Камилла. Могли бы и предупредить. Вы ведь уже имели со мной дело.
Джонас. Когда у вас свидание с Менендесом?
Камилла. В восемь вечера, в его отеле.
Джонас. И как вы оденетесь?
Камилла. Это спрашивает полицейский или воздыхатель?
– Хватит, по-твоему?
– …
– Какой-то у тебя странный вид, Марко.
Не мог же я ему сказать, что вычитал на самом деле.
Сцена 24
Комната Камиллы. Павильон. День.
С разрешения Камиллы входит Джонас. Она как раз пытается ублажить на себе переговорное устройство, которое он дал ей в шестнадцатой сцене.
Камилла. Так пароль «Спим вдвоем»!
Джонас. Нет, вчера изменился, теперь: «Ставки сделаны».
Камилла. Могли бы и предупредить. Вы ведь уже имели мое тело.
Джонас. Когда у вас свидание с Менендесом?
Камилла. В восемь вечера, в его отеле.
Джонас. И как вы разденетесь?
Камилла. Это спрашивает полицейский или воздыхатель?
Пора домой. Перед уходом выключаю компьютер, как обычно. И вдруг вижу на экране надпись: «До свидания. Теперь питание компьютера можно отдрочитъ».
* * *
Уже не помню, кто что делал в тридцать первой серии. Толком ее никто не перечитывал, сдали как есть, со всеми нашими сомнениями и бзиками. Мы уже окончательно махнули рукой на связность, от правдоподобия осталось лишь смутное воспоминание, пишем, что в голову взбредет. Хохот Старика – наш единственный критерий отбора. Сегюре великодушно оставил нас в покое, ничего не замечает и предоставляет полнейшую свободу. Не пытается выяснять, кто чем занят в этой чертовой «Саге», кто с кем спит, кто кого хочет зарезать и за что. Ему на это плевать, лишь бы было готово как можно больше и в кратчайшие сроки.
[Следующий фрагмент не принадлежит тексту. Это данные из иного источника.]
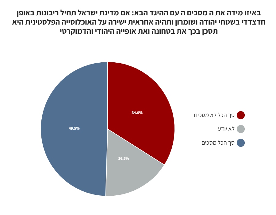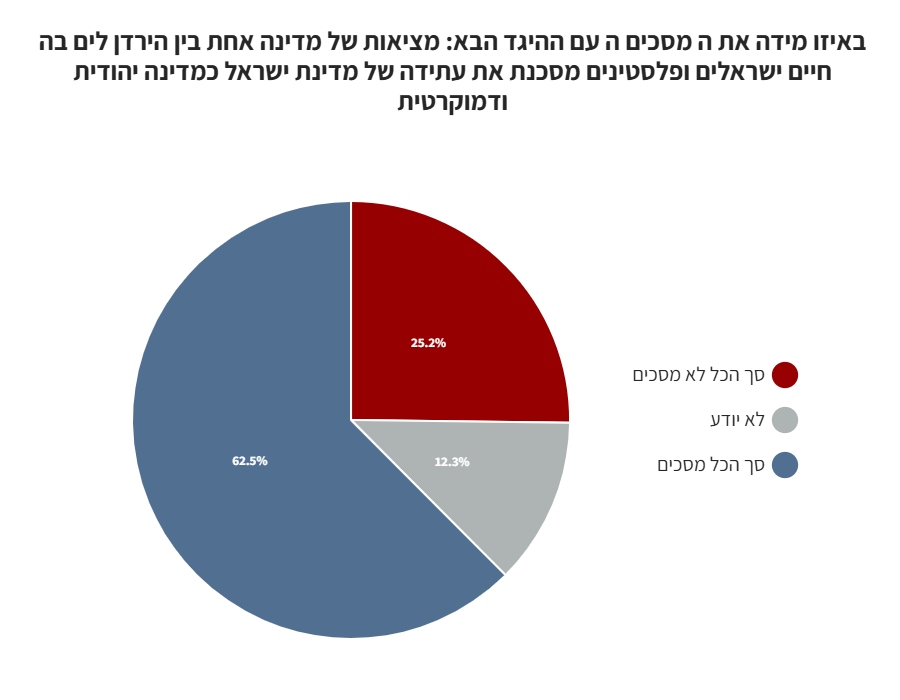 63% מסכימים עם כך שמציאות של מדינה אחת בין הירדן לים בה חיים ישראלים ופלסטינים מסכנת את עתידה של מדינת ישראל כמדינה יהודית ודמוקרטית.

Несмотря на изнурение, нам теперь требуется меньше четырех дней, чтобы прикончить пятидесятидвухминутную серию. Но это самые долгие дни в моей жизни. Вначале я чувствовал себя в сериале как рыба в воде. Сегодня у меня возникло впечатление, будто я, как пехотинец, днем и ночью вязну в грязи ради жалкой нашивки. Вчера перепутал Камиллу и Милдред в довольно деликатной сцене: как раз в тот решительный момент, когда Камилла убеждает себя, что Уолтер ей милее Джонаса. Те же слова в устах Милдред звучат как Эдиповы признания, сущий восторг для психоаналитиков. Я мог бы все привести в порядок, изменив имена, но оставил как есть, ничего не сказав остальным. И я не единственный, кого так нелепо заносит. В двадцать девятой серии Жером ни с того ни с сего выволок на свет божий некоего Этьена, странного человечка, которого Луи истребил в четырнадцатой. Опомнившись, они в последнюю минуту попытались слепить какую-то невразумительную историю, что-то среднее между переселением душ и душевной болезнью. Не знаю, какой актер способен это сыграть, разве что Лина не найдет его в ашраме, который слишком долго соседствовал с атомной электростанцией. Жером нам еще втюхал международную интригу с убийцей, трестом, захватом заложника, и все это в каком-то вестибюле. А Матильда тем временем тешилась, пополняя дефицит социального обеспечения введением налога на любовь (сцена существует, я сам читал).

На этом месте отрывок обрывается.